Cryptology

Cryptology - Spring 2015

Part I

The first part will be taught by
Tanja Lange
Coding Theory and Cryptology
Eindhoven Institute for the Protection of Information
Department of Mathematics and Computer Science
Room HG 9.92
Technische Universiteit Eindhoven
P.O. Box 513
5600 MB Eindhoven
Netherlands

The easiest ways to reach me where ever I am:
e-mail:tanja@hyperelliptic.org

The second part (March 24 onwards, note that May 05 is a public holiday in the Netherlands) will be taught by Marc Stevens. The webpage for the second part is here.

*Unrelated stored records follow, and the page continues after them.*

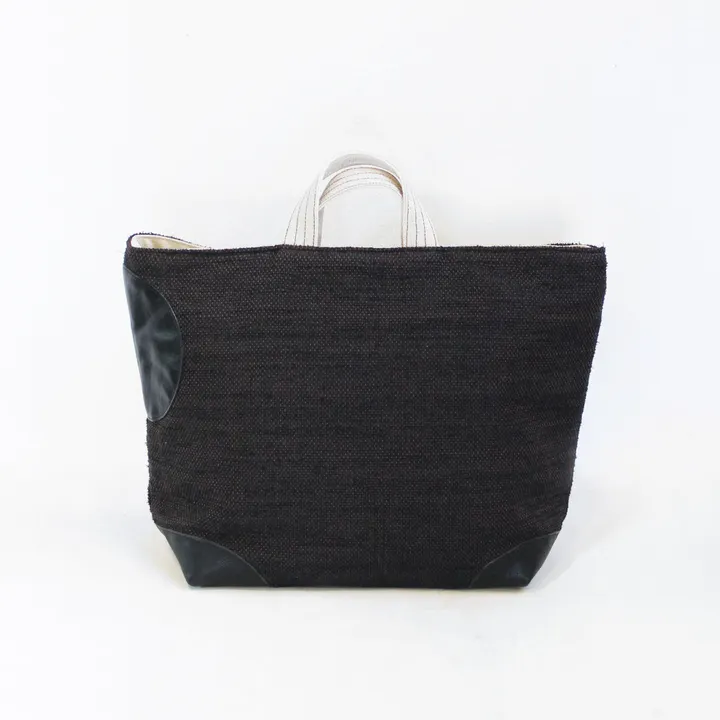 「もったいないを、もっとゆたかに」をコンセプトに。 サスティナブル(持続可能)なものづくりを目指す取り組みの一環として、 蚊帳の日常着を作る過程でどうしても出てしまうあまり布を、 糸状にカットし、時間をかけて一段一段丁寧に織りあげました。 ステッチのようなテキスタイルがおもしろく、 手仕事ならではのあたたかみがあります。 本革のアップリケがおしゃれなトートバッグは、デイリーユースにぴったりです。 岩手県で「裂き織」を手掛けている 『幸呼来(さっこら) Japan』さんとコラボレーション。 寒冷な気候のため古くから布が貴重とされてきた東北地方では、 日常生活で使う衣類や布団をくたびれても捨てず、細く裂いて繊維状にし、 再び織り上げ活用してきました。 「使い切る」という文化の中で発展し、 受け継がれてきた独自の技術が「裂き織」です。 持ち手部分は麻の帆布で出来ており、使い込むほどに馴染んでいきます。 16cmのマチをとり、書類やタブレット、小型のノートパソコンもらくらく入る サイズ感なので、お仕事用としても活躍しそう。 [サイズ/組成] 32cm×32cm×16cm 素材 本体・裏地 綿 100% 持ち手・見返し 麻100% アップリケ牛革(墨・藍・つるばみ)山羊革(香色)  マグネット付き 内側ポケットあり
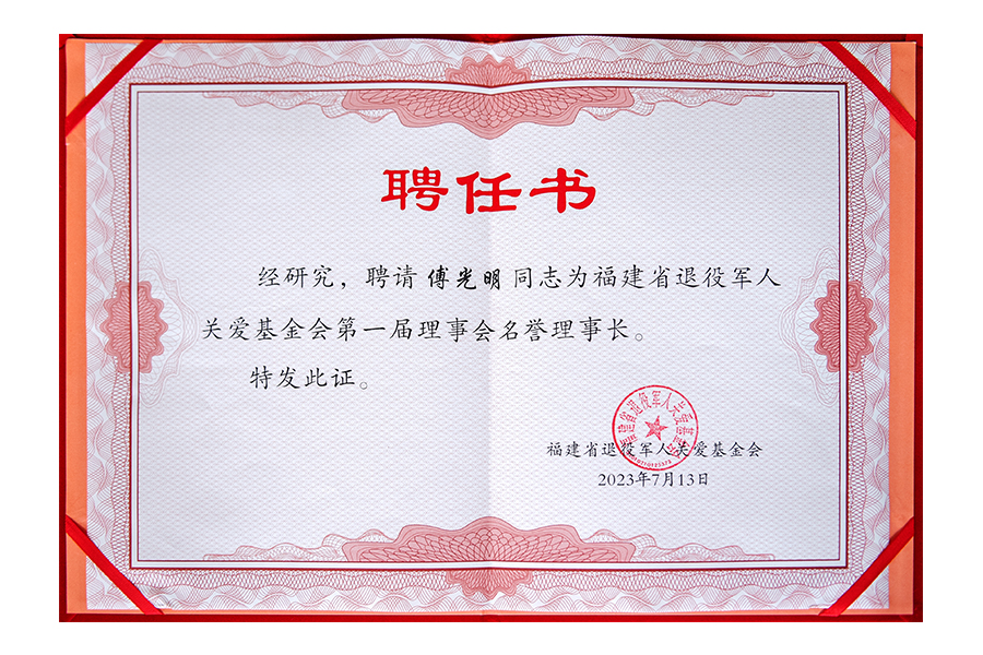 • 2023年福建省退役军人关爱基金会第一届理事会名誉理事长
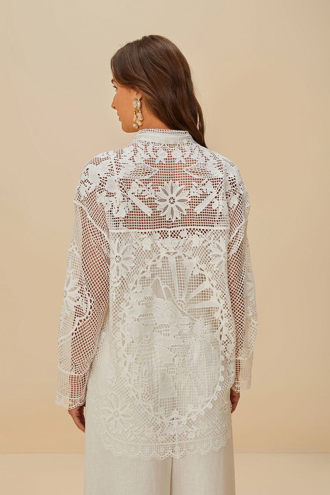 Elevate your wardrobe with the off-white landscape guipure shirt by FARM Rio. This elegant piece features intricate guipure lace patterns that depict a serene landscape, offering a touch of nature's artistry. The delicately crafted collar neckline adds sophistication, while the lightweight lace promises airy comfort. Perfectly blending warmth and playfulness, this shirt invites softness and style to any outing, making it a versatile addition to your ensemble.
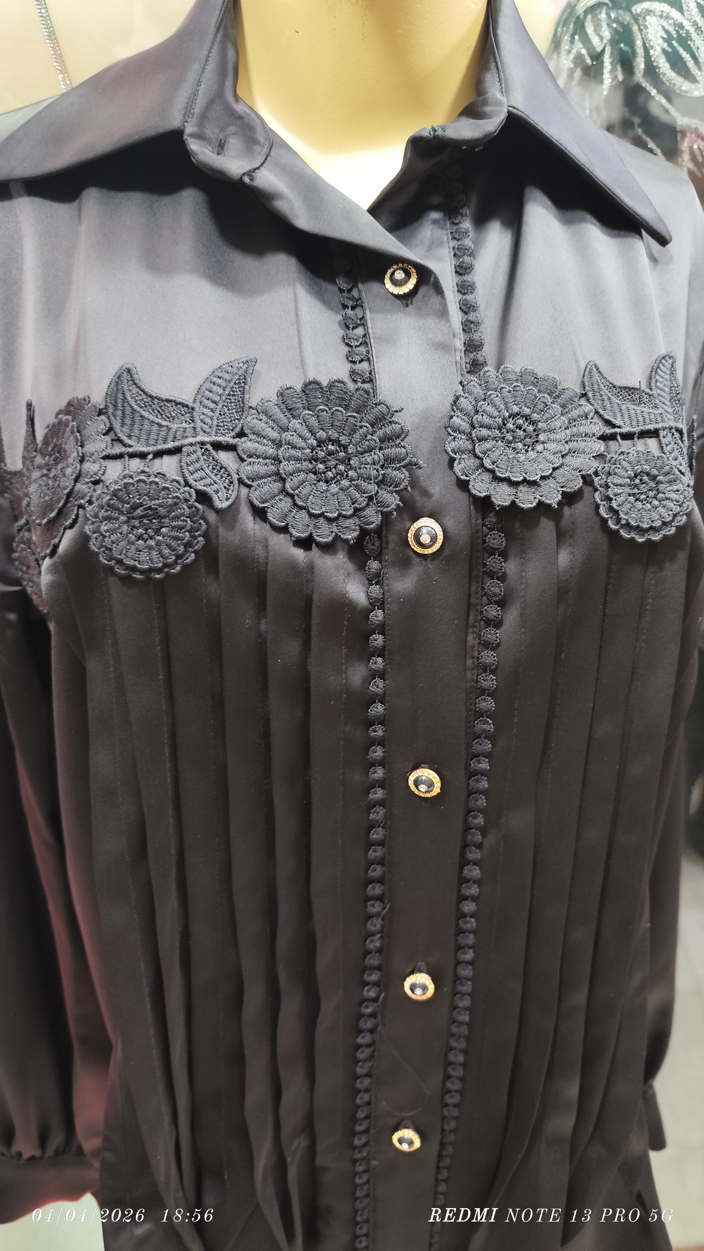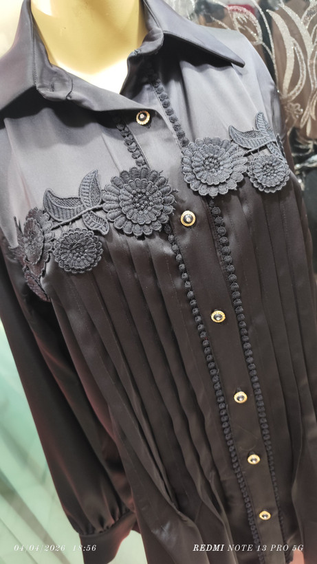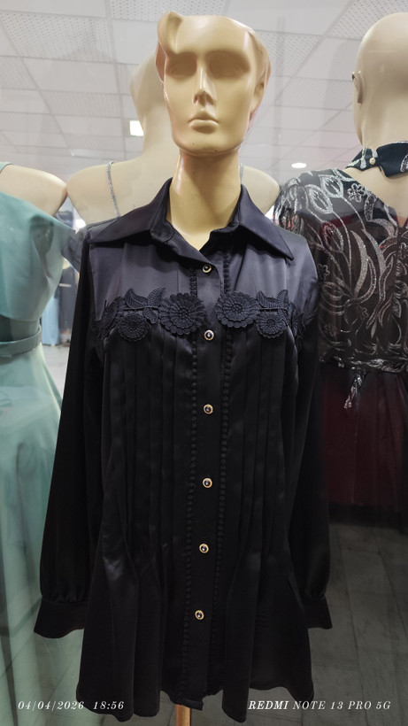 شومیز مجلسی دانتل ساتن یک شومیز زنانه زیبا که ترکیبی چشمنواز از پارچهی دانتل، و ساتن داشته و ظاهری مجلسی، ظریف و زنانه یافته است.فرم کلی بالاتنه اندامی بوده و به خوبی با دوخت ماهرانه، انحنای بدن را نشان میدهد. این امر به ظرافت و حالت مجلسی آن کمک میکند. قسمت بالاتنه و روی سینه از گل برجسته و دانتل نسبتاً ظریف تشکیل شده که طرحهای گُلدار و مختلف در بافت آن دیده میشود.

Details are filled in as time permits. The official home page is here.
The course takes place Tuesdays at the University of Utrecht in Minnaertbuilding room 211, except for March 10 when it is replaced by a reading assignment.
The first part consists of 7 weeks of lectures, the dates are Feb 03, Feb 10, Feb 17, Feb 24, Mar 03, Mar 10 (no lecture but reading), and Mar 17. Each class takes from 14:15 - 17:00. These 3 hours are lectures with integrated exercises, so there are no separate exercise sessions.

Goal
The goal of this course is to provide insight into cryptography secure against quantum computers (post-quantum cryptography) as well as various methods for the mathematical cryptanalysis of cryptographic systems

Description
Cryptology deals with mathematical techniques for design and analysis of algorithms and protocols for digital security in the presence of malicious adversaries. For example, encryption and digital signatures are used to construct private and authentic communication channels, which are instrumental to secure Internet transactions.
This course in cryptology consists of two main topics:
The first part focuses on post-quantum cryptography dealing with cryptographic systems that are secure even given the existence of quantum computers and the second part focuses on cryptanalysis, the analysis of the security of cryptographic systems.
After a general introduction to cryptography (the constructive side of cryptology) and cryptanalysis the course introduces the main contenders for secure systems: lattice-based encryption, code-based encryption, hash-based signatures, and multivariate-quadratic-based signatures. These systems are examples of public-key systems and this is the main area affected by quantum computers; symmetric-key systems, such as hash functions and block and stream ciphers) are used as building blocks inside them and for the transmission of data in bulk.
The second part of the course will cover various generic attacks against common cryptographic primitives (e.g., block ciphers, hash functions) and cover important cryptanalytic attack techniques like time-memory tradeoffs, linear cryptanalysis, differential cryptanalysis and algebraic cryptanalysis.

Announcements

Here are some test exercises. Sadly the link in the last exercise has stopped working. The Internet archive still has a copy at https://web.archive.org/web/20150418221433/http://www.larc.usp.br/~pbarreto/PQC-3.pdf.

Examination

There will be a written exam on June 9, 14:00-17:00, Educatorium Beta (at University of Utrecht). The retake exam will take place on June 30, 14:00-17:00, BBG (Buys Ballot Building) 061.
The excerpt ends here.